Figure 4 Autoantibody characterization. (A) We had serum samples from four time points to analyze the presence of autoanti-FB in RA547. Data are results ± SD of two experiments. (B) Titer of autoanti-FB was determined in ELISA, with serial dilutions of the patient’s serum. (C) Autoantibodies were added to immobilized FB, and the isotypes were determined with monoclonal antibodies against the IgG subclasses. Data are mean ± SD from two independent experiments. Values obtained with an autoantibody negative healthy control as a background were subtracted from the values obtained with RA547 before plotting. (D) Autoantibody binding to immobilized FB was decreased by the preincubation of FB with monoclonal anti-Bb antibody and with polyclonal anti-FB antiserum. Data are mean ± SEM from three independent experiments. Values obtained with an autoantibody negative healthy control as a background were subtracted from the values obtained with RA547.

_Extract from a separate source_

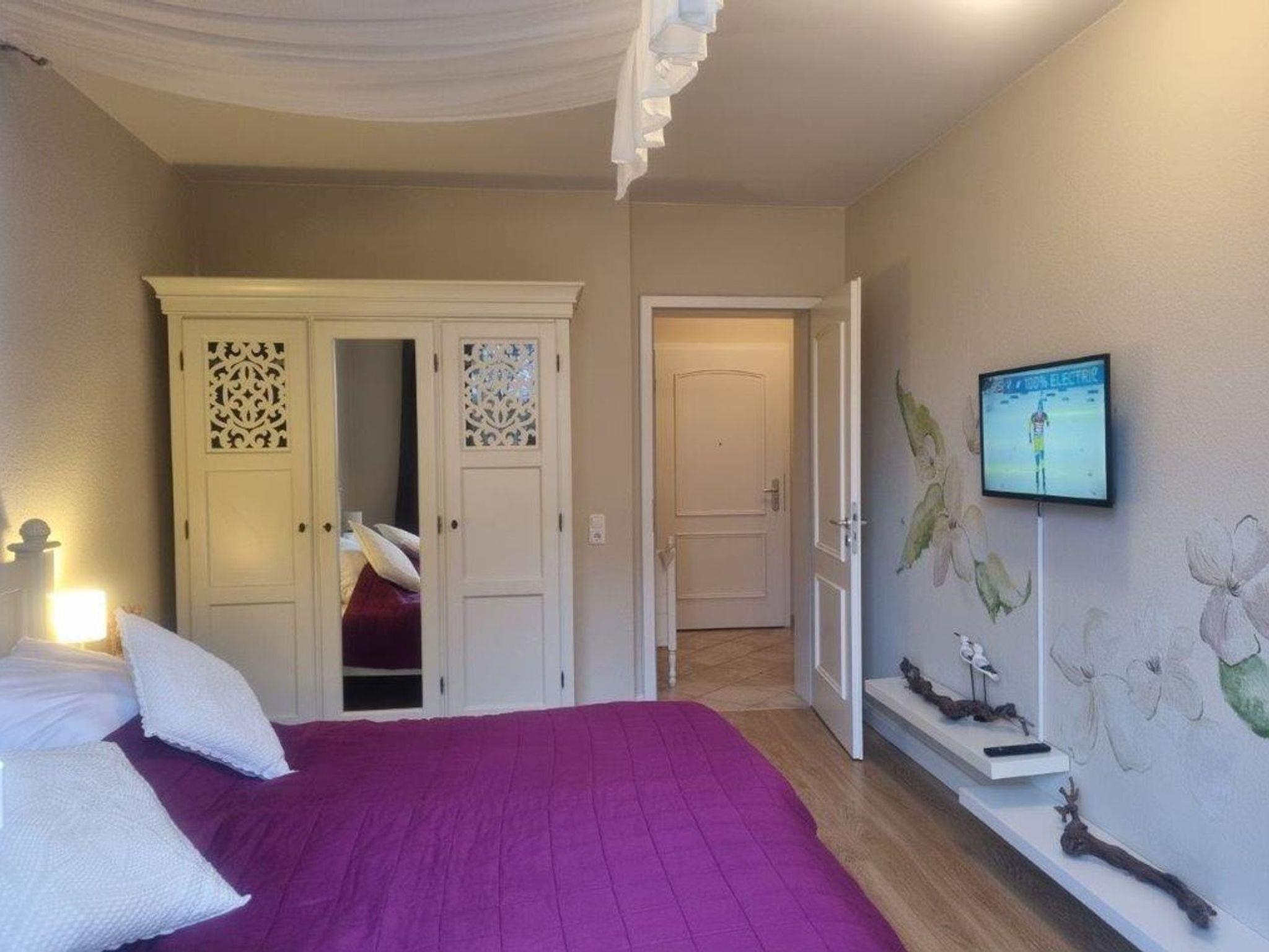 - 1. Schlafzimmer mit Doppelbett, Kleiderschrank und TV

FB autoantibodies influence the activation of the alternative pathway and affect the terminal pathway
To measure the effect of the purified, patient-derived anti-FB autoantibodies on the activation of the alternative pathway, rabbit red blood cells (RRBCs), which are sensitive to lysis in normal human serum, were used. RRBCs were mixed with normal human serum in a buffer containing Mg2+-EGTA, which allows only the activation of the alternative pathway, and supplemented with serial dilutions of IgG isolated from the serum of the patient or healthy controls. After incubation, lysis was determined by measuring the OD of released hemoglobin in the supernatant. Compared to the control IgGs, patient IgG inhibited the hemolysis in a dose-dependent manner (Figure 5).
Figure 5 RA547 patient’s IgG dose-dependently inhibited RRBC hemolysis. Complement active normal human serum was mixed with RRBCs and IgG from patient or healthy controls, then incubated for 30 min at 37°C. Samples were centrifuged, and the OD of the supernatant was measured at 414 nm. Data are mean ± SD from two independent experiments.

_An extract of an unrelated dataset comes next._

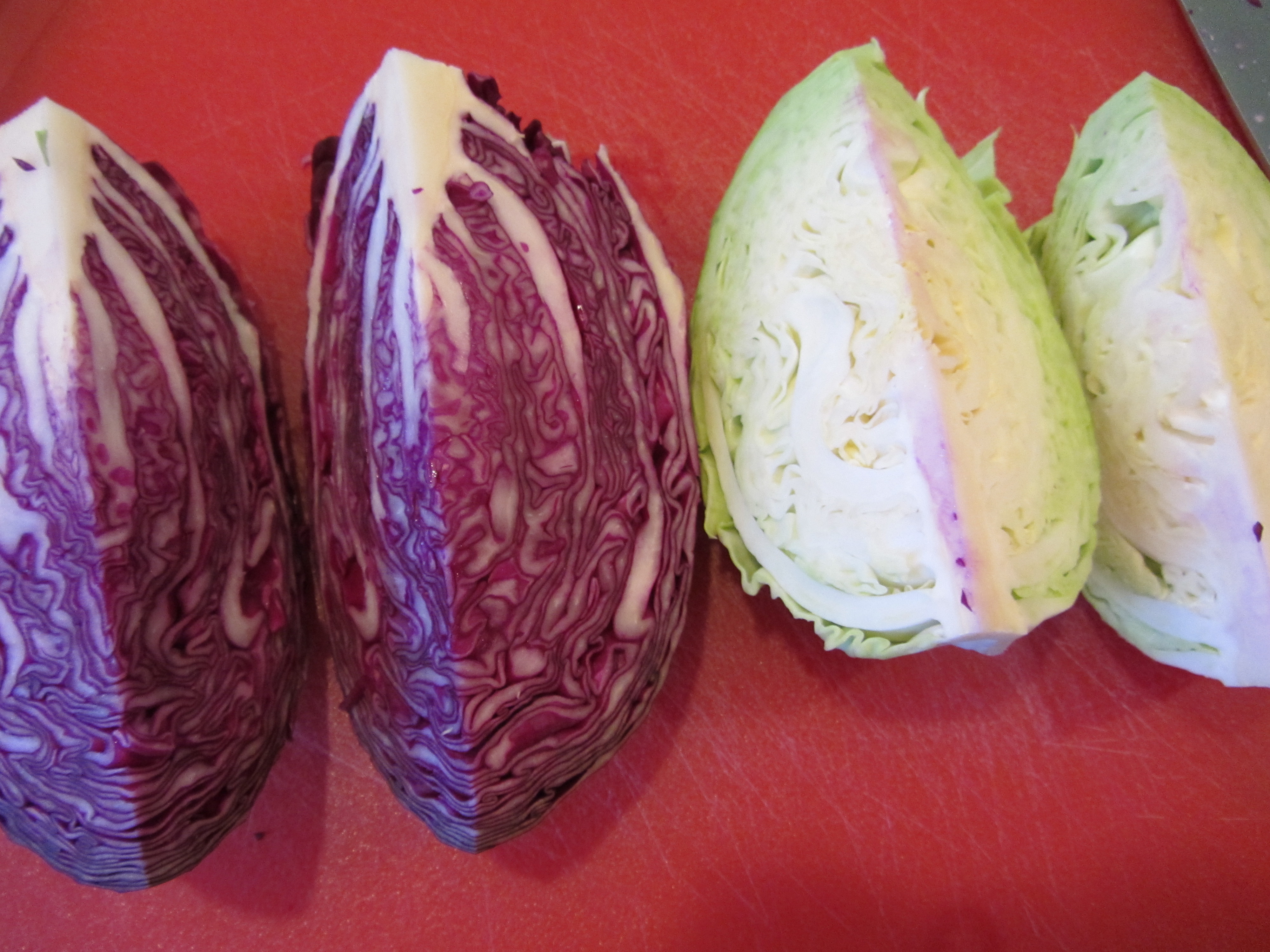 Half a head each of red and green cabbage.

Next, we investigated how the autoantibodies influence complement activation in serum in the fluid phase as described by Zhao et al. (38). To this end, normal human serum was mixed and incubated with IgG from RA547 or healthy controls and with RRBC as positive control. After incubation, the residual complement activity was measured on LPS-coated surface in the form of C3- and C5b-9-deposition (Figure 6). Serum alone retains its complement activity and when added to LPS, C3- and C5b-9-depostion can be detected. RRBC depletes complement during incubation, so no complement deposition can be measured on LPS, similar to the EDTA-treated serum sample. Incubation of the serum with IgG generally led to activity loss to some extent, probably due to activation via immune complexes present in the IgG preparations. However, compared to the IgG of healthy individuals, the autoanti-FB-containing patient IgG further decreased both C3- and C5b-9-deposition, presumably via inhibitory effects of the anti-FB autoantibodies (Figure 6).
Figure 6 Anti-FB autoantibodies decrease complement activation-derived deposition of C3 and C5b-9 on LPS-coated surface. Normal human serum was preincubated with PBS, patient- or healthy control-derived IgG, and RRBC as a positive control, then added to LPS-coated wells. EDTA was used to inhibit complement activation on LPS. The deposition of (A) C3 and (B) C5b-9 was detected with anti-C3 and anti-C5b-9 antibodies, respectively. Data are mean ± SD from two independent experiments. RRBC: Rabbit Red Blood Cell.
FB-autoantibodies impair the activity of the solid phase C3 convertase of the alternative pathway
To decipher the mechanism behind the inhibitory effects measured using whole serum, next we analyzed the effect of the autoantibodies on the C3 convertase. C3bBbP was generated on microplates using purified proteins as described by Hourcade et al. (37) and Strobel et al. (39) with modifications. Convertase formation was detected with polyclonal goat anti-FB, while convertase activity was determined by adding C3 and measuring the generated C3a (Figure 7A).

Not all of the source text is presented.